CoinJoin ecosystem insights for Wasabi 1.x, Wasabi 2.x and Whirlpool coordinator-based privacy mixers
Authors: Petr Svenda, Jiri Gavenda, Vasilios Mavroudis, Chris Hicks
Primary contact: Petr Svenda <svenda@fi.muni.cz>
Conference: PETS 2026
@InProceedings{2025-esorics-gavenda,
Title = {CoinJoin ecosystem insights for Wasabi 1.x, Wasabi 2.x and Whirlpool coordinator-based privacy mixers},
Author = {Petr Svenda and Jiri Gavenda and Vasilios Mavroudis and Chris Hicks},
BookTitle = {Proceedings on Privacy Enhancing Technologies Symposium -- PETS 2026},
Pages = {?--?},
Publisher = {PoPETS},
Year = {2026},
ISBN = {??},
DOI = {??}
}
Abstract
Coinjoin is a collaborative Bitcoin transaction designed to enhance users' privacy by joining coins of multiple parties. Coinjoin implementations with a centralized trust-minimized coordinator have mixed more than 391,000 bitcoins since 2018. In June 2024, law enforcement actions led to the shutdown of coordinators of all three leading coinjoin designs-Wasabi 1.x, Wasabi 2.x, and Whirlpool-prompting a proliferation of new independent coordinators. Prior studies of this ecosystem offer little information beyond coinjoin detection and aggregation of related statistics, primarily due to the unavailability of information (intentionally) obscured by coinjoins.
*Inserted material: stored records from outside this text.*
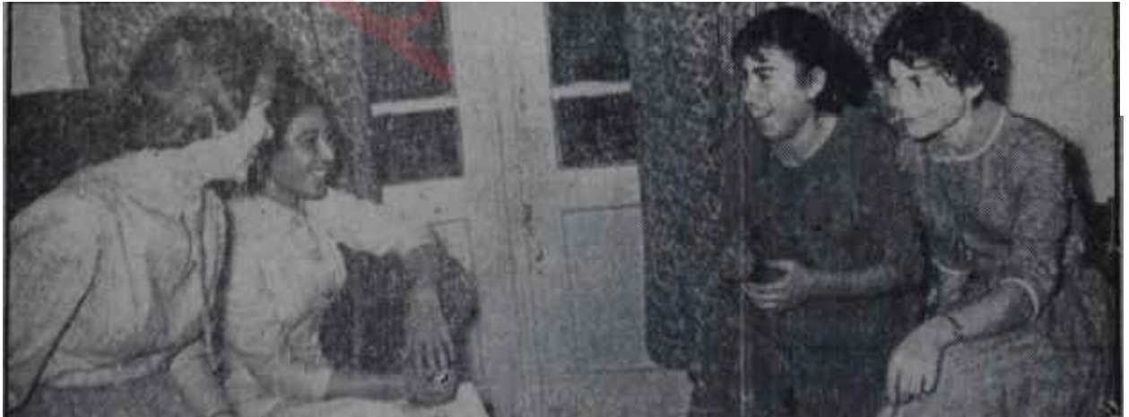
Soroptimistlerin yeni açtıkları "ev" in ilk sahipleri Üç nal ve bir at!..

İşte üç nal elde edilmişti. Şimdi iş ata kalmıştı. At bahçe içinde şirin bir evdi. Ankara Soroptimistleri böyle bir eve sahip olup yurdu oraya nakletmeyi hayal ediyorlardı. Ama doğrusu, bu klüp üyeleri hayalleri hakikat yapmasını biliyorlardı.. Kısa bir zaman sonra bu hayallerini de hakikat haline getireceklerdi.
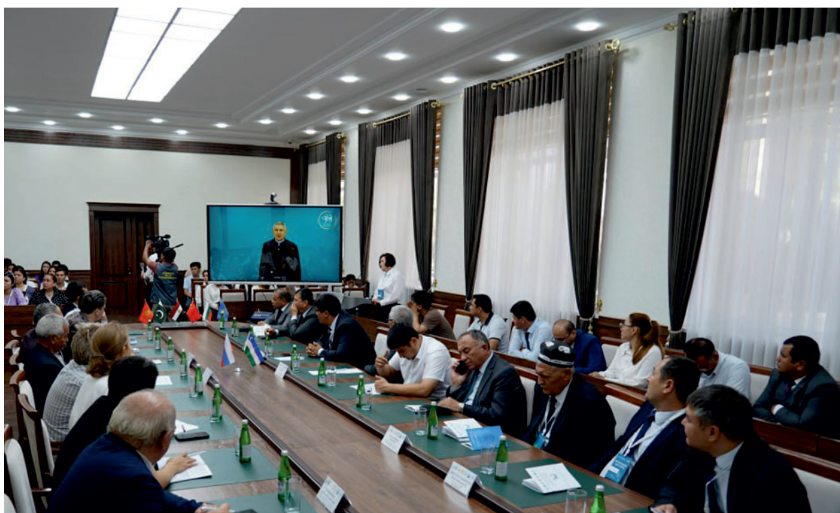
Рис. 9. Открытие второго этапа XI Международной археологической школы в Термезском государственном университете, г. Термез, Республика Узбекистан, 24 сентября 2024 г. Fig. 9. Opening of the second stage of the XI International Archaeological School at Termez State University, Termez, Republic of Uzbekistan, September 24, 2024

в которых приняло участие около 800 специалистов, студентов и молодых ученых из 42 стран.
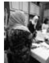
Un appello dal Cav

puerpere, prevedono anche supporti mirati nei primi mesi di vita del bambino, affinché le mamme possano lavorare e avere a disposizione i beni essenziali per sé e per il neonato. Proprio nei mesi scorsi si era alzato un appello dal Cav, con la richiesta di aiuto rivolta a singoli cittadini e ad altre realtà locali, a fronte della necessità sia di volontari, ma anche di sostegni economici. Tra le risposte che sono arrivate, c'è questo torneo dai nobili obiettivi. Oltre infatti a tenere allenati impiegati e professionisti che dopo il lavoro di scrivania nel palazzo di vetro si cimenteranno in sfide promesse in pieno clima sportivo, il torneo rappresenta una mano tesa verso un importan-
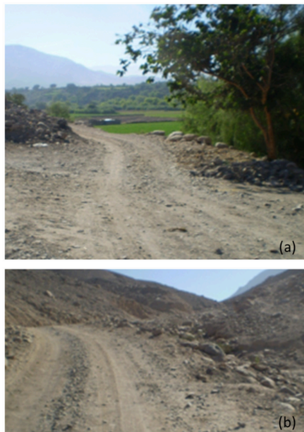
Fig. 2. Foto a detalle de los caminos y rutas de arrieros coloniales hacia Omate y el Alto Perú. (a) Antigua ruta de Arrieros Hacia: Omate – Arequipa - Alto Perú. (b) Antigua ruta al valle de Estuquiña – Altiplano – Alto Perú.

Cabe resaltar, que los transeúntes coloniales permitieron activar y dinamizar estos viejos y ancestrales caminos que contribuyeron activamente con la producción, el comercio y los negocios del sur del Bajo Perú con los nuevos mercados del Alto Perú. Las rutas del arrieraje de la propia ciudad en 1593[4] tuvo por finalidad, la consolidación de las rutas que permitían la comunicación y el comercio entre toda la gobernación y las zonas mineras del Alto Perú[5]. A partir de ello, el desarrollo del transporte fue de gran importancia. La misma descansaba en una razón geográfica, ya que Jujuy era la última ciudad del camino carretero entre el río de la Plata, el Tucumán y Potosí, hasta allí llegaban las carretas cargadas con mercancías con destino a los mercados del Alto y Bajo Perú en adelante solo se podía continuar el viaje en mula[6] y las mercancías debían enfardarse para ubicarlas en tercios de mula o burro.
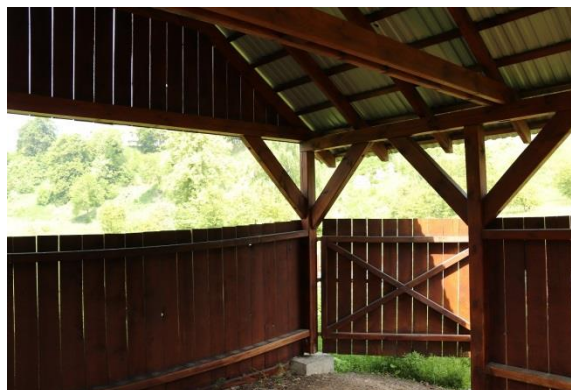
Fot.3 Wnętrze zagrody dla owiec.
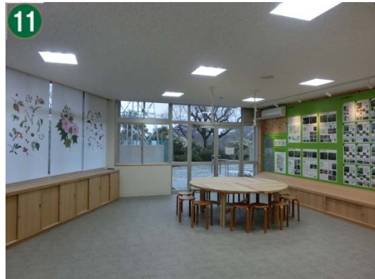
11 ウェルカムセンター整備事業[展示等の設置]（環境活動支援センター）
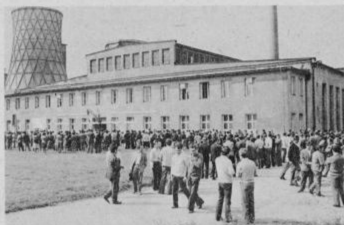
Množično protestno zborovanje delavcev v TGA „Boris Kidrič“ Kidričevo.

V četrtek zvečer se je sestel tudi zbor delegatov krajevne skupnosti Kidričevo, ki mu je predsedoval Franc Klemenčič. Na zboru so prav tako protestirali proti nerazumljivi gonji in brutalnemu početju
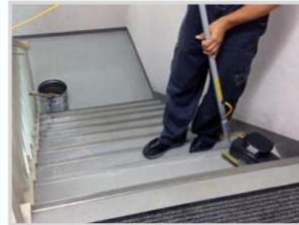
▲ 階段洗浄も安全スピーディー
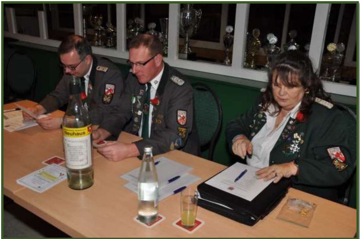
Der geschäftsführende Vorstand hat auch schon Platz genommen
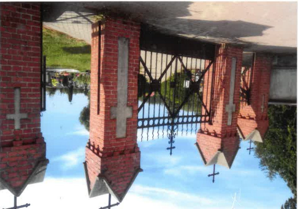
Strzecz – cmentarz katolicki ul. Ks Rotty-Szkolna

8. Fotografia z opisem wskazującym orientację w stosunku do sąsiednich terenów lub stron świata albo mapa z zaznaczonym stanowiskiem archeologicznym
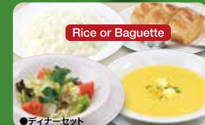
●ディナーセット Dinner Set (Rice or Baguette, Salad & Soup in a bowl) 晚餐套餐 / 디너 세트 ¥583
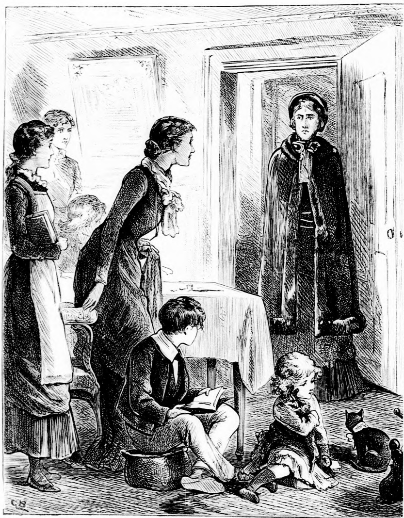
...KOMOLY ARCZU ÖREG NŐ LÉPETT BE. (Lásd az 59. lapon)

ezen segíteni, még pedig igen egyszerűen. Ezentul együtt fogunk élni, egy családot
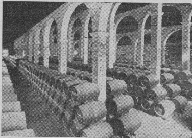
Bodega de SAN JOSÉ. «Bodega monumental», albergando en su recinto 25.000 botas de 500 litros cada una, de exquisitas y renombradas SOLERAS.

Y en su marcha triunfal lleva consigo, sabor de España y palpitar de amigo, porque es de España y porque amigo es.
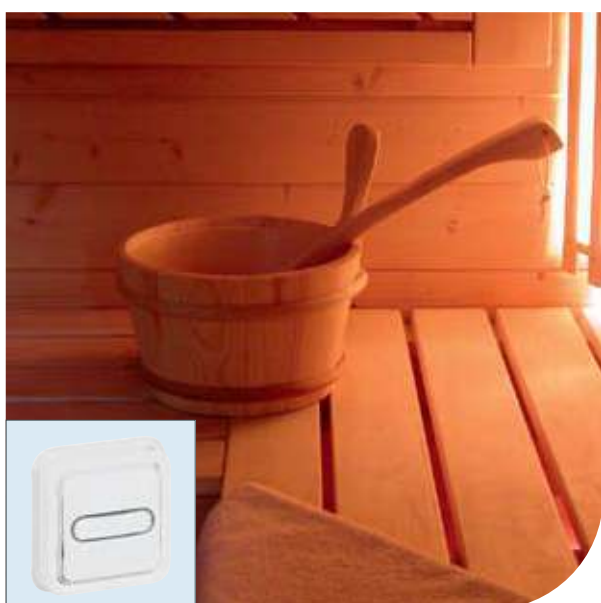
Сауна | Plexo™ Artic | Кнопочный выключатель с подсветкой
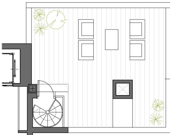
PLANTA DE CUBIERTAS
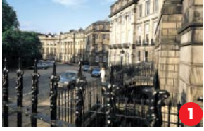
New Town Anderswo wäre die New Town mit ihrer großartigen georgianischen Architektur die Altstadt. Ihre Entwicklung seit dem 18. Jh. beeinflusste die Stadtplanung ganz Europas.

Wer im überwältigend schönen Edinburgh unterwegs ist, versteht sofort, warum die Unesco das Zentrum dieser zauberhaften Stadt zum Weltkulturerbe ernannt hat. Die beiden sehr gegensätzlichen historischen Stadtteile – die mittelalterliche Old Town, dominiert von Edinburgh Castle, und die neoklassizistische New Town aus dem 18. Jahrhundert – bestehen harmonisch nebeneinander. Das gibt der Stadt ihren einzigartigen Charakter.

To overcome this limitation, we combine on-chain transaction analysis, coordinator monitoring, and active coinjoin participation, complemented by tailored analysis and visualizations, to: 1) provide a model for estimation of the number of active users at a time, 2) detect previously unknown coordinators, 3) retrospectively observe activity patterns of prominent parties, and 4) deliver continuously updated insights into the ecosystem.
We show that while Wasabi 1.x remains inactive and recently resumed Whirlpool exhibits little activity, the Wasabi 2.x mixing has exceeded pre-shutdown levels under the new coordinator kruw.io, which now accounts for 99% of mixed inputs (over 46,000 bitcoins in the past 18 months) with raising concurrently active users now estimated to 70+ in average coinjoin, providing the first data-based estimate of the participants’ anonymity set. We revealed a previously unknown but significant coordinator active from early May to November 2024, with a method capable of identifying emerging coordinators. Although WW2 conceals large-input wallet activity more effectively than WW1, it is still detected by the proposed transaction-centric liquidity analysis.